Zoom link: https://illinois.zoom.us/j/84600044860?pwd=M0tkN0htTlFhNGNKeGVxR1pYY3Y2dz09
Meeting ID: 846 0004 4860
Passcode: 441458
Abstract: Cluster algebras are certain commutative algebras whose generators are defined recursively. Fomin and Zelevinsky invented these algebras in 2002 in order to establish a combinatorial framework to understand the theory of total positivity due to Lusztig and the dual canonical bases of quantum groups due to Lusztig/Kashiwara. In particular, Fomin-Zelevinsky conjectured that the cluster monomials (certain monomials in the generators) belong to the dual canonical basis.

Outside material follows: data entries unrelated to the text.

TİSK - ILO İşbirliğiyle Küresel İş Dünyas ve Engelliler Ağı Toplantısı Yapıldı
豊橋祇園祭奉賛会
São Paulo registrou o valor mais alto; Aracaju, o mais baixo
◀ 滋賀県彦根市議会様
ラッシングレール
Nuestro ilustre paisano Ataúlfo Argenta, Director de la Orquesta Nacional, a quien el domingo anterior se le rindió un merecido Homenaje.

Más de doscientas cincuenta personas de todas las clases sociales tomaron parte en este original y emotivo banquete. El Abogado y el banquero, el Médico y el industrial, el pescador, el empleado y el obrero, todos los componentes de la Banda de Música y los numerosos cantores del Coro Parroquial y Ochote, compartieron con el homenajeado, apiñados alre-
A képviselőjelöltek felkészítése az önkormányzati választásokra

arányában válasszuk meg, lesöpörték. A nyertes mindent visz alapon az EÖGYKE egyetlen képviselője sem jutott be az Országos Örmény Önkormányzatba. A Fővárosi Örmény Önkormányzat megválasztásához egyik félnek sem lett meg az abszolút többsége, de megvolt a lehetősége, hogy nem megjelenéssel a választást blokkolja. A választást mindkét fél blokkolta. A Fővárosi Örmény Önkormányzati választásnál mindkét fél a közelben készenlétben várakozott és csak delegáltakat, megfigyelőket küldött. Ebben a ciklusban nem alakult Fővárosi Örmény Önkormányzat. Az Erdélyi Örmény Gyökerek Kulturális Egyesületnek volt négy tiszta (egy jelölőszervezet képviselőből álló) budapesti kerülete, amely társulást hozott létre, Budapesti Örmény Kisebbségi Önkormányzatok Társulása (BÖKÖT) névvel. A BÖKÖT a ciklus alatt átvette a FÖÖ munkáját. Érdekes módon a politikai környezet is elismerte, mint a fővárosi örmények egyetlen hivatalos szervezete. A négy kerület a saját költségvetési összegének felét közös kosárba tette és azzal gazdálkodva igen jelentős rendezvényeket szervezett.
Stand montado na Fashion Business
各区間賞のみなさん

In this talk, we briefly introduce cluster algebras by using concrete examples. We introduce the (common) triangular bases, which are Kazhdan-Lusztig type bases naturally parametrized by the tropical points of the corresponding varieties. They allow us to verify the above motivational conjecture in full generality. We also discuss the relationship between such bases and monoidal categorification.

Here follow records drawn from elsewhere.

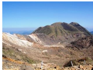
2. 水蒸気を上げている硫黄山と三俣山
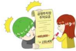
인쇄물(내용 이해도를 높이기 위한 삽화 삽입)

서울시 공영주차장의 월 정기권을 매월 구매하여 이용 중이던 민원인은 다음 달 정기권을 구매한 줄 알고 며칠 동안 주차장을 이용하던 중 주차장 현장근무자가 문자로 월 정기권 만료 사실을 안내하여 당일 월 정기권 잔여분을 구매하였으나, 잔여분 이전 기간의 주차 요금이 시간제 요금으로 부과된 바, 이는 선량한 관리자의 주의 의무를 다하지 않은 것이므로 이에 대한 부당함을 공단 등에 호소하며 납부를 지연하였으며, 공단의 납부 고지서 발급, 민원인의 이의 신청 등 민원 제기, 독촉 고지서 발급과 압류 조치가 이뤄지자 민원인은 공익제보 등을 하였으나 받아들여지지 않았으며, 위원회 조사 및 검토 결과에 따라 민원인의 동의를 얻어 민원배심제를 실시하게 되었습니다. 민원배심 결과, 민원인에게 부과한 월정기권 만료 이후 발생한 시간제 주차요금을 50% 감액하여 징수할 것을 '권고'하고, 서울시는 노외주차장 운영과 관련하여 '1일 주차요금 상한제'의 도입과 '월 정기주차 종료 전 안내 고지' 등 필요한 제도 개선 사항을 검토하고 이에 따른 조례 개정 등을 조치할 것을 '의견표명'하였습니다.
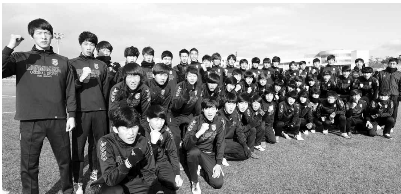
남부대학교 축구부 선수들이 3·1절 마라톤대회 출전을 앞두고 ‘전국대회 4강’ 목표 달성을 위한 힘찬 파이팅을 외치고 있다.

Fan Qin is an algebraist, working in representation theory and cluster algebras, with interests in quantum groups, geometric representation theory, categorification, algebraic geometry, tropical geometry and higher Teichmuller theory. He is a 2012 graduate of Université Paris VII (Advisor: Bernhard Keller) and is currently at Shanghai Jiao Tong University. Faculty have access to a complete background via mathjobs.org.